Aquel buen señor de Des Mousseaux, que
tanto se ha molestado recogiendo materiales para su teoría demonológica,
nos sale con algunos ejemplos sensacionales para demostrar que todos
estos casos se deben a la intervención del diablo, el cual toma las
formas fantasmáticas de los muertos para revestirse de ellas y vagar por
las noches chupando la sangre de las gentes, explicación que a nosotros
nos parecería excelente si no pudiésemos arreglarnos con otras mejores
sin traer a la escena a personaje tan siniestro. Si de una vez para
siempre queremos creer en el retorno de los espíritus, tenemos una
multitud de perversos sensualistas, miserables y criminales de todas
clases, especialmente suicidas, capaces de rivalizar en malicia con el
mismísimo diablo en sus mejores días, que ya es bastante por sí solo el
vernos actualmente obligados a creer en lo que vemos y sabemos que es un
hecho, o sea en los espíritus, sin necesidad de añadir a nuestro
panteón de espectros a un diablo a quien nadie ha visto nunca.
Sin embargo, en lo que al vampirismo
se refiere, hay particularidades interesantísimas que recoger, desde el
momento en que la creencia en tal fenómeno ha existido desde las épocas
más remotas en todos los países.
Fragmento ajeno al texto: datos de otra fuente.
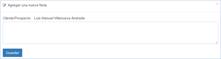 La opción notas es para escribir lo que se desee del contacto seleccionado. Para ello, dé clic en notas, escriba el texto y presione el botón guardar.
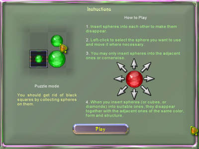 每种颜色分大、中、小三种大小,同一种颜色可以互相套入。当大中小一样一个集中在一起,便能消除。如果最后移动的宝石在消除时附近有连续的同类型宝石,还可以一起消除,并且游戏中还有例如爆炸效果的特殊宝石,等待着玩家的发掘。
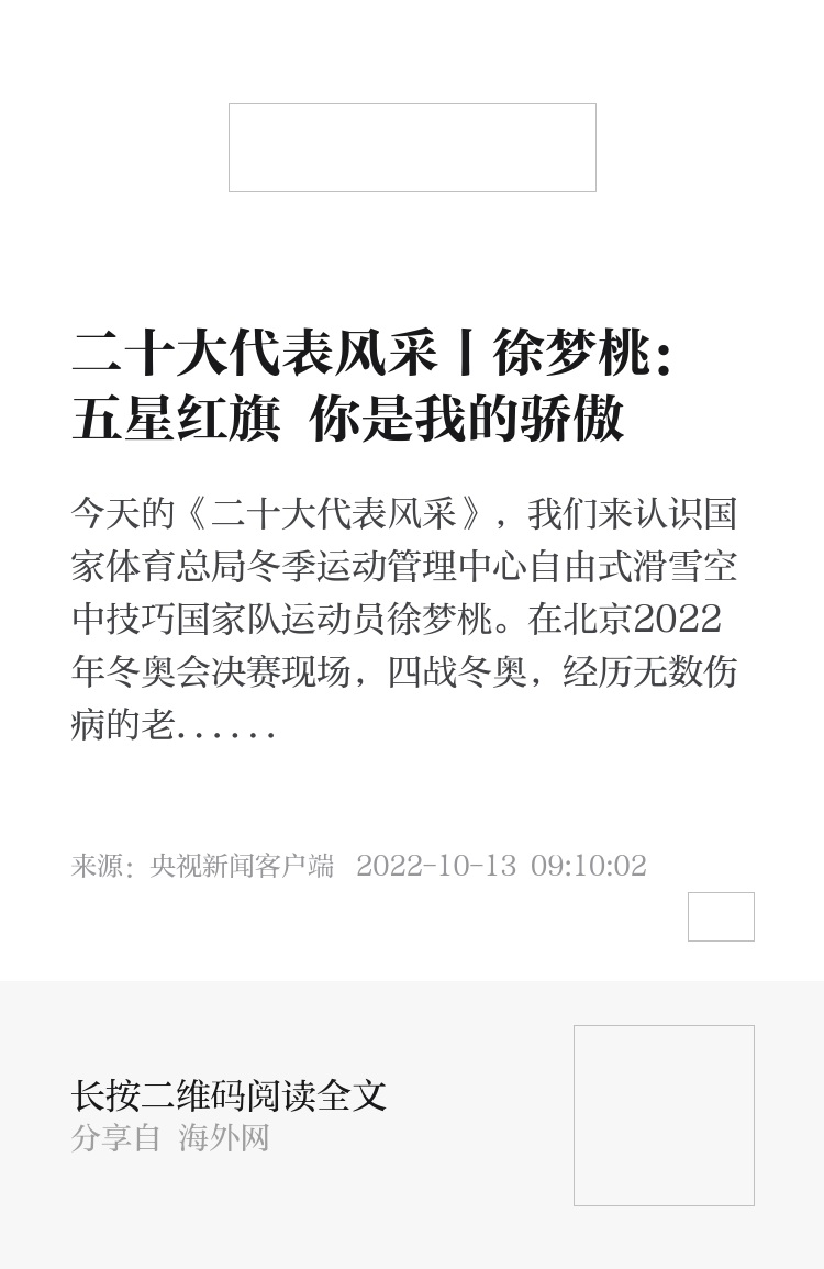国家体育总局冬季运动管理中心自由式滑雪空中技巧国家队运动员 徐梦桃:习近平总书记寄语我们运动员:“人生能有几回搏,拼搏是值得的。”我会牢记总书记的嘱托,作为一名党的二十大代表,我倍感责任重大,使命光荣。我会用自己的努力在岗位上做出更好的成绩,用实际行动迎接党的二十大胜利召开。

Las naciones eslavas, los griegos,
válacos y servios, dudarían primero de la existencia de sus enemigos los
turcos que del hecho relativo a la existencia de los vampiros. Los brucolacos o vrykolakas,
como son denominados estos últimos, son huéspedes sobrado familiares en
el hogar eslavo para que se dude de ellos. Escritores del mayor
talento, hombres tan integérrimos como llenos de perspicacia, se han
ocupado del asunto creyendo en él por supuesto.…¿De dónde proviene esta
máxima creencia a través de los tiempos; esa identidad de detalles y
analogías en las descripciones de aquel singular fenómeno, que
encontramos en el testimonio jurado de pueblos extraños los unos a los
otros y que discrepan, sin embargo, por completo respecto a otras varias
supersticiones?
“Hay –dice Dom Calmet, escéptico monje
benedictino del siglo XIX, en su artículo Apparitions (vol. II, pág. 47
de la obra antes citada) –dos procedimientos distintos para destruir la
creencia de estos pretendidos espectros…El primero consiste en explicar
los prodigios del vampirismo
por medio de meras causas físicas: el segundo en negar completamente la
verdad de tales relatos, cosa que consideramos lo más seguro y más
prudente”.
El primer procedimiento de explicar, en efecto, el vampirismo
por medio de causas físicas, aunque ocultas, es el adoptado por la
escuela de Mesmerismo de Pierart, y, no son ciertamente los espiritistas
quiénes más derecho puedan tener de rechazar lo plausible de esta
explicación. El segundo plan, sin embargo, es el adoptado por los
hombres de ciencia y por los escépticos. Según advierte Des Mousseaux,
no hay camino que menos filosofía requiera que este procedimiento
expedito de la negación rotunda de lo que se ignora. “Cierto día –añade
Dom Calmet –empezó a aparecerse inopinadamente a los habitantes de una
aldea, cerca de Kodom, el espectro de un pastor, y, a consecuencia del
susto, o bien por otra causa cualquiera, todos murieron antes de una
semana. Exasperados los demás campesinos ante aquello, fueron en busca
del cadáver del pastor y le desenterraron, clavándole con una gran
estaca en el suelo. Otra vez se apareció, sin embargo su espectro
aquella. misma noche, sumiendo a la población en terrores casi
apocalípticos y matando por sofocación a varios habitantes, en vista de
lo cual, las autoridades locales entregaron el cuerpo del pastor al
verdugo, el cual le quemó en un campo vecino. El cadáver –añade Des
Mousseaux al comentar el hecho –aullaba como un loco, pateando y
resistiéndose como si estuviese vivo, arrojando rojas oleadas de sangre
por la herida de la estaca, y las apariciones de su espectro no cesaron
hasta que el cuerpo todo no quedó reducido a cenizas.
“En más de
una ocasión –continúa Dom Calmet –varios agentes de la justicia
visitaron los lugares que, según públicos rumores, eran frecuentados por
espectros. Los cadáveres de éstos fueron al punto exhumados y siempre
se observó sano y sonrosado el cuerpo de todos los sospechosos de vampirismo.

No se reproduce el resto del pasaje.